“This is lovely. Now, who would like to say grace ?”
Série B, polar de la lose, Killer Joe met en scène une famille où la cruauté tente de l’emporter sur la bêtise. Sur un canevas éculé, qui peut faire penser à Fargo, (souvent très drôle, d’un humour noir acerbe et décapant ) on privilégie la caractérisation des personnages, que le spectateur aimerait pouvoir rapidement caser dans sa logique manichéenne habituelle. L’intérêt du film est de nous empêcher de le faire. Dans une vision très cynique du relativisme, le scénario donne ses raisons à chacun, un code qui pourrait presque être cohérent au vu de la raclure humaine avec laquelle il est obligé de frayer.
La réalisation est impeccable, fondée sur la durée et l’étirement, épuisante pour les nerfs des personnages qui craquent un à un, pour ceux des spectateurs qui se laissent prendre.
Déclinaison habile autour des rites du quotidien, notamment le repas, la pièce dont est issue le film joue constamment sur le clivage et invite à regarder la race humaine comme une espèce étrange, prévisible dans ses appétits et effrayante dans ses capacités à les satisfaire.

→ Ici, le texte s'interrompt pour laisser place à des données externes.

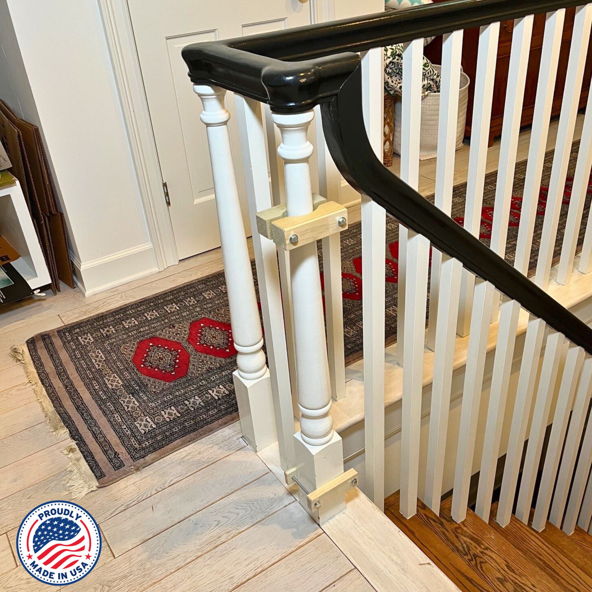 Install your gate securely without damaging your woodwork using our Round & Square Clamp Set. This set includes one round clamp and one square clamp, both made from solid wood to provide a strong, screw-free mounting solution for your gate. The round clamp fits posts with a diameter of 2″ to 3″, while the square clamp fits square posts up to 3.5″ wide and 2.75″–3.5″ deep, ideal for mixed banister setups.
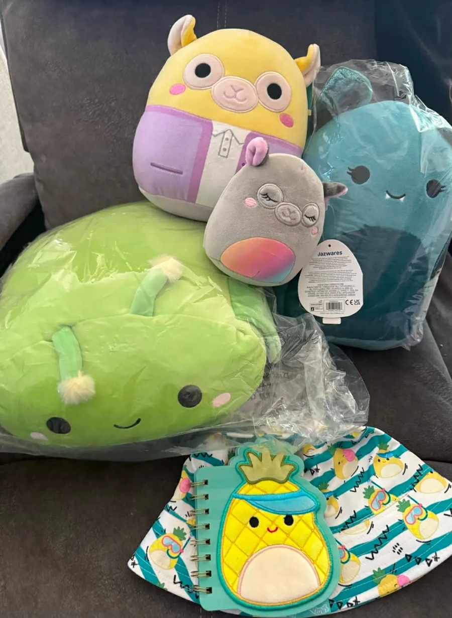 A collection of Squishmallows big and small, including a Maui the Pineapple mini spiral notebook with matching bucket hat.

La mignonne adolescente, victime désignée, va devenir le véritable butin du film dans un enchainement de paliers de violence et de perversion qui n’arrêtent jamais le réalisateur.

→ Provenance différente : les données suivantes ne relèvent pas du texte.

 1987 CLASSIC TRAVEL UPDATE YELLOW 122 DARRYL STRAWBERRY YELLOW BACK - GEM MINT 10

Matthew McConaughey, qui s'est décidé en 2011 à faire des bons films, est extraordinaire de contenance et de perversion.
La farce grotesque, totalement assumée, qui clôt le film pourrait en gâcher le propos par un trop plein d’outrance. Il n’en est rien. A ce stade de l’intrigue, hypnotisés par les deux grands vainqueurs de ce jeu de dupes attardés, le flic et la jeune fille, on attend de voir exploser à l’écran ce qu’ils étaient jusqu’alors les seul à habilement dissimuler, et qui nécessite un rite cathartique paroxystique.